What is being asked: Each of the entries should be output exactly, with nothing left out.

Dataset excerpts:
---*---

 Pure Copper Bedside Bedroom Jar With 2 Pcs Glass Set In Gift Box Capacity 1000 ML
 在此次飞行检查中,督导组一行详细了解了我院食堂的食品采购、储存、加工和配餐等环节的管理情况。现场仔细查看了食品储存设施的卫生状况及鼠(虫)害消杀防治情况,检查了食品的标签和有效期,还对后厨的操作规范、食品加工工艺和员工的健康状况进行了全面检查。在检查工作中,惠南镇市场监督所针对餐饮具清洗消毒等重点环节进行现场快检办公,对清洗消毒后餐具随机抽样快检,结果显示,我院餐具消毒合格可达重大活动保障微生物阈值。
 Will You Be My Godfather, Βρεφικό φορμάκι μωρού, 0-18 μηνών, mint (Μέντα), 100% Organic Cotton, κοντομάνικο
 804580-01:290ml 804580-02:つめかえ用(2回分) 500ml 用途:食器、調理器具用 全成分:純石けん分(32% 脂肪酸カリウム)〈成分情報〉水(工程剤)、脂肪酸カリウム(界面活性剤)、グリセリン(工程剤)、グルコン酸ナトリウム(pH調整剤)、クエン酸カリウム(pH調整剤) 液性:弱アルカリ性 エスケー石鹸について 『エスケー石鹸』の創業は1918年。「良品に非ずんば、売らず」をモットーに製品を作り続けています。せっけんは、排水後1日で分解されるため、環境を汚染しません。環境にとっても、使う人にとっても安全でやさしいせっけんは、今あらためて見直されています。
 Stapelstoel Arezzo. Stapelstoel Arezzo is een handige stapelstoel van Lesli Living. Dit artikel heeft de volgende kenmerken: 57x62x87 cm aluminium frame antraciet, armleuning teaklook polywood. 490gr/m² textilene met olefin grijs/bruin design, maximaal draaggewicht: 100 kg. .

---*---

Answer to this exercise:
 Pure Copper Bedside Bedroom Jar With 2 Pcs Glass Set In Gift Box Capacity 1000 ML
 在此次飞行检查中,督导组一行详细了解了我院食堂的食品采购、储存、加工和配餐等环节的管理情况。现场仔细查看了食品储存设施的卫生状况及鼠(虫)害消杀防治情况,检查了食品的标签和有效期,还对后厨的操作规范、食品加工工艺和员工的健康状况进行了全面检查。在检查工作中,惠南镇市场监督所针对餐饮具清洗消毒等重点环节进行现场快检办公,对清洗消毒后餐具随机抽样快检,结果显示,我院餐具消毒合格可达重大活动保障微生物阈值。
 Will You Be My Godfather, Βρεφικό φορμάκι μωρού, 0-18 μηνών, mint (Μέντα), 100% Organic Cotton, κοντομάνικο
 804580-01:290ml 804580-02:つめかえ用(2回分) 500ml 用途:食器、調理器具用 全成分:純石けん分(32% 脂肪酸カリウム)〈成分情報〉水(工程剤)、脂肪酸カリウム(界面活性剤)、グリセリン(工程剤)、グルコン酸ナトリウム(pH調整剤)、クエン酸カリウム(pH調整剤) 液性:弱アルカリ性 エスケー石鹸について 『エスケー石鹸』の創業は1918年。「良品に非ずんば、売らず」をモットーに製品を作り続けています。せっけんは、排水後1日で分解されるため、環境を汚染しません。環境にとっても、使う人にとっても安全でやさしいせっけんは、今あらためて見直されています。
 Stapelstoel Arezzo. Stapelstoel Arezzo is een handige stapelstoel van Lesli Living. Dit artikel heeft de volgende kenmerken: 57x62x87 cm aluminium frame antraciet, armleuning teaklook polywood. 490gr/m² textilene met olefin grijs/bruin design, maximaal draaggewicht: 100 kg. .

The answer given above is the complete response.